The slippery slope to a dictatorship
August 27, 2022Matt GoldingCredit:.
Successive Coalition governments have taught me two things I didn’t want to learn. The first is how easy it is to move from the compassion towards refugees of Malcolm Fraser to the demonising and incarceration of refugees of the Abbott/Turnbull/Morrison years. All it takes is to constantly refer to people as illegal (even though there is nothing illegal in seeking asylum) and to portray them as something they are not. The second is how fragile our democracy is.
As Parnell Palme McGuinness writes (Comment, 27/8), we should be grateful to Morrison for showing us how easy it was for a prime minister to take over multiple roles. It is chilling to realise that in the hands of a malevolent PM, how easily our system could lead directly to dictatorship. A declaration under the Biosecurity Act gives the health minister the ability to give any direction that the minister is satisfied is necessary to prevent or control the spread of disease. How easy to use that provision to act as a dictator. How easy to use any disease as a pretext. We need the inquiry into Morrison’s actions to protect our democracy.
Louise Kloot, Doncaster
Awoken from ban
I am very pleased to see (″Military lauds woke war end″, 27/8) the reversal of the former defence minister’s ban on important departmental inclusive celebrations. Sadly, Peter Dutton’s reaction to this confirms yet again his complete insensitivity to others’ life experience.
Elaine Carbines, Belmont
Save the living
It was dismaying to read that $15million will be spent and 50 scientists will try to bring the thylacine (Tasmanian tiger) back from extinction (“Inside the bid to bring back the thylacine”, 27/8). Mammals survived after the asteroid struck about 65 million years ago, but they are now struggling to survive us. Thirty-four of the 320 land mammals known to have lived in Australia in 1788 have become extinct. Another 12 are critically endangered, the step before extinction.
Rather than throwing “crazy” money at the thylacine, surely the priority should be on saving our remaining endangered species by protecting their habitat, removing feral predators, and combating climate change.
Ray Peck, Hawthorn
Back home alone
With regard to bringing back the thylacine, imagine if the millions of dollars that have been invested in this project, with no guarantee of success, were instead directed towards saving the endangered species we still have. With habitat loss being a key driver of our current extinction rate, where do they suppose this thylacine hybrid would reside if successful?
It could possibly come full circle to becoming a lonely zoo exhibit once again.
Sean Burns, Point Cook
The late mail
Australia Post needs to understand in business, sometimes it is a good idea to
make a loss on some items while making a good return on others. That means service and not
simply dollars.
Bruce Dudon, Woodend
Class of their own
I read with bemusement of parents’ loathing for Book Week. As a teacher, I am expected to teach children the manners some parents have failed to. I must feed children breakfast and/or lunch if they have none. I must wake children in my class if they have been up until 4am gaming or on social media. I support children when parental relationships fail. I am expected to provide the meaning of consent, respect for girls and women and the LGBQTI+ community, to stamp out racism and foster resilience and mindfulness in a child.

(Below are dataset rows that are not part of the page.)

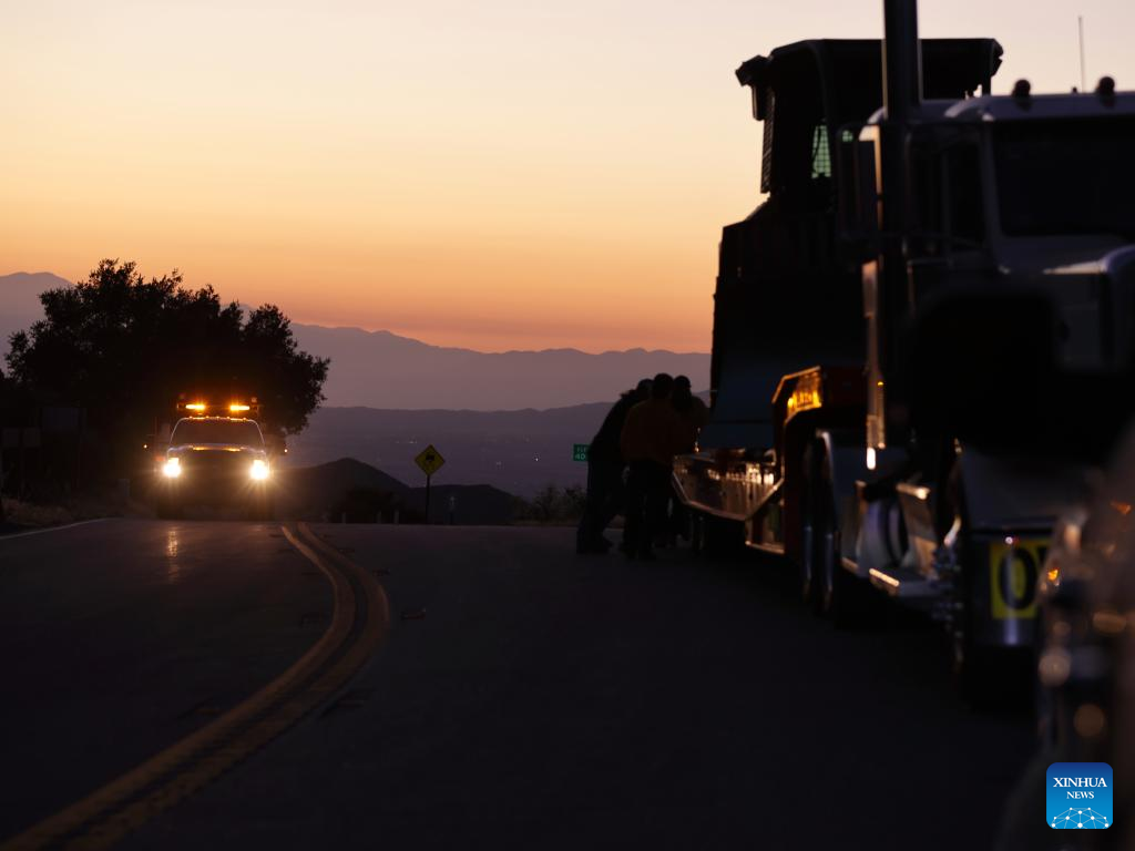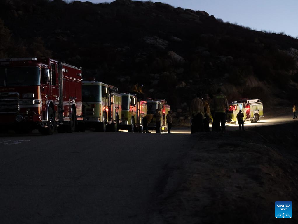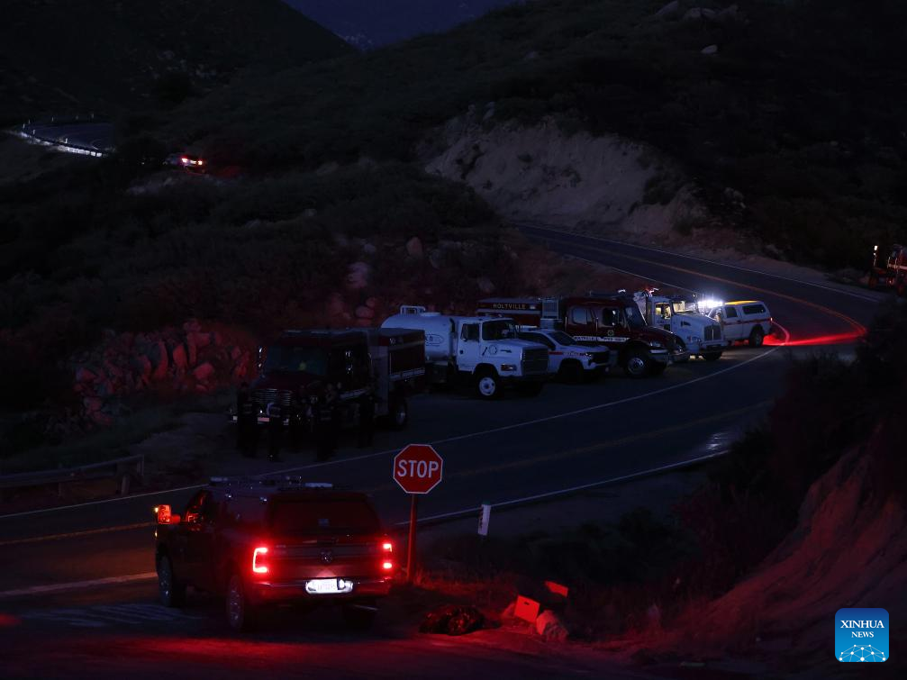 Firefighters keep inspecting the wildfire near Banning City, Riverside County of California, the United States, on June 30, 2025. A rapidly-expanding brush fire in Southern California has scorched more than 2,400 acres and prompted evacuation orders, local authorities said Monday.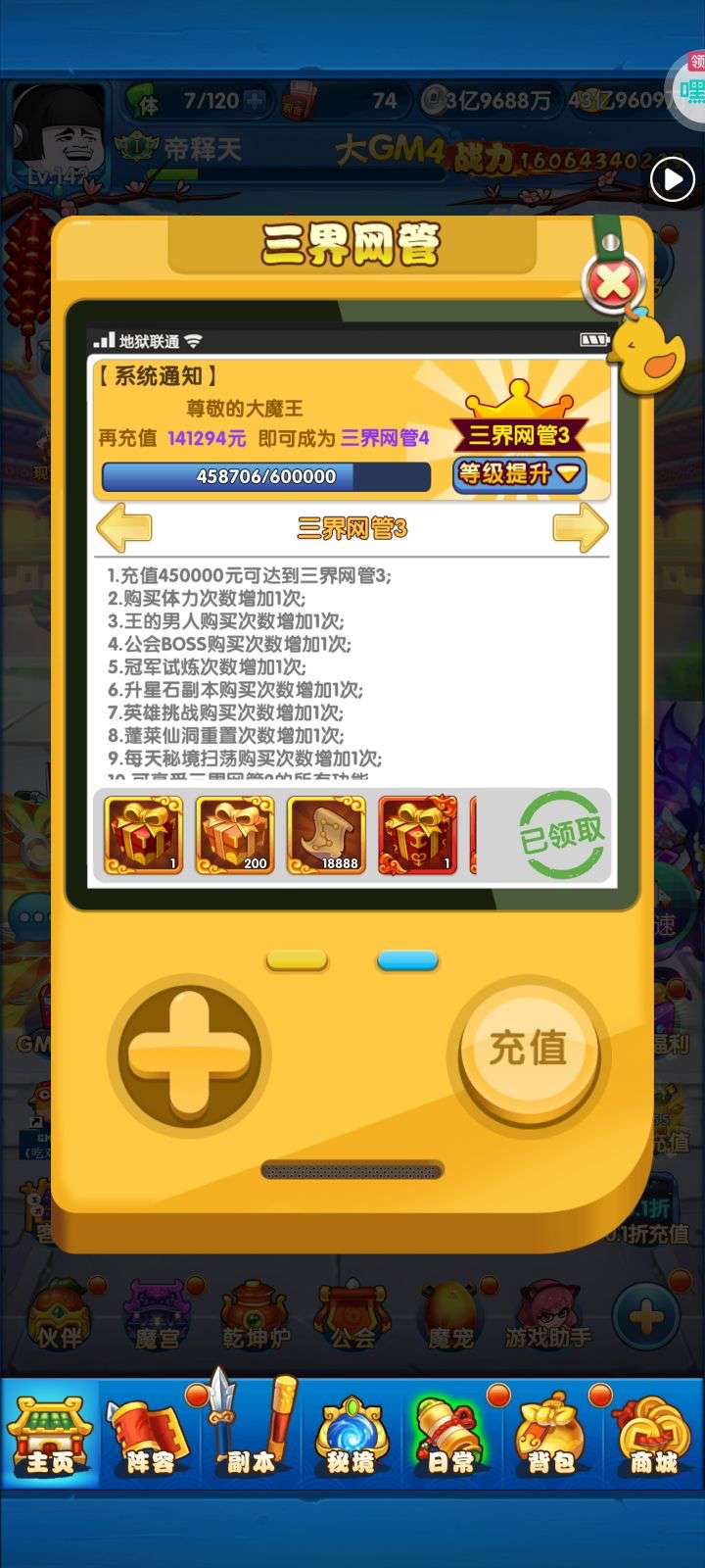 充了1700全区第一,开服3天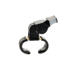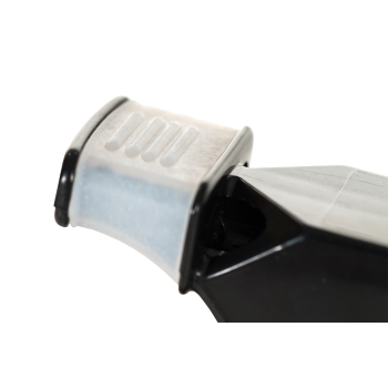 Fabriqué en plastique ABS hautement résistant , imperméable à la moisissure, sans bille et sans mécanisme.pouvant obstruer. Ce sifflet haute fréquence se porte à l'index et au majeur grâce à son support en laiton.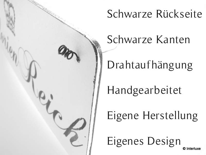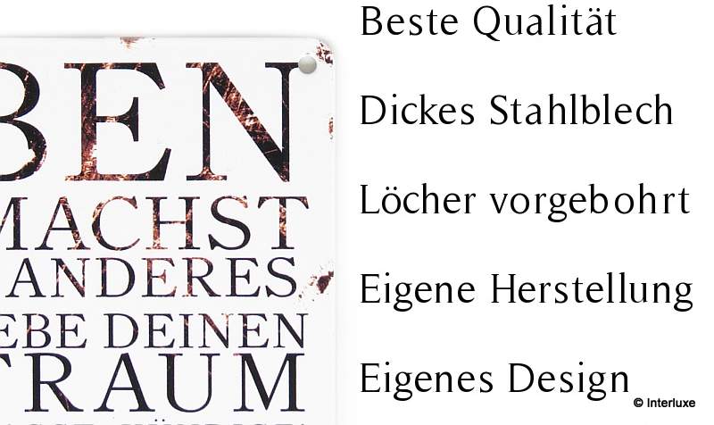 Außergewöhnlich ist die große Auswahl an deutschsprachigen Texten, die man auf importierten Schildern vergeblich sucht. Alle Dekoschilder werden in Deutschland entworfen und von Hand gefertigt. Und damit Sie lange Freude daran haben, werden nur hochwertige Materialien verwendet.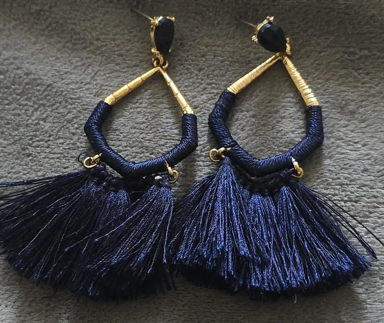 Navy Blue Tassel Earrings with Gold Accents

Somewhere, amid all of this, I have to make sure that each of my students achieves the academic goals in our curriculum. So you will forgive me if I question how taking care of the social, emotional and learning needs of children has suddenly become all the responsibility of the teacher, and why one day of dress-up is too much to ask of parents?
Catherine Mackay, Stawell
No expiry date
Jacqueline Maley (Comment, 21/8) writes of the attack on Salman Rushdie, that it “came 33 years after Ayatollah Ruhollah Khomeini … issued a fatwa against Rushdie, calling on Muslims across the world to kill him”.
Maley’s observation brings to mind two sayings: “Justice delayed, is justice denied” and “Revenge is a dish best served cold”. Both of which it seems, for some in the Muslim world, apply to Rushdie. For those of a certain viewpoint, the fatwa pronounced upon him is divine justice, and the knife attack, a just and retributive punishment carried out by the hand of a faithful jihadi – who, if he had been killed in the attempt, would be hailed as a martyr.
Such vengeful retributive ″justice″ has much in common with ancient vengeance codes of honour, blood and feud – codes which still run through many modern day cultures.
And while for most of us, the attack on Rushdie is attempted murder (unhinged, punitive revenge for a perceived heinous offence), from another perspective it is avenging justice and has no expiry date.
Deborah Morrison,
Malvern East
Give me my points
Re ″Qantas says sorry with $50 discounts” (23/8): I have been waiting in vain for a frequent flyer points refund from Qantas for six months. Why doesn’t Qantas CEO Alan Joyce understand that I won’t be booking any more Qantas flights until I get my points back, bribe or no bribe?
Peter Burton, South Melbourne
Prattle fatigue
Thank you Michael Smith (Letters, 26/8) for ″iconic fatigue″. You can add ″legend″, ″star″ and ″champion″ to your list. Didn’t know we had so many of them.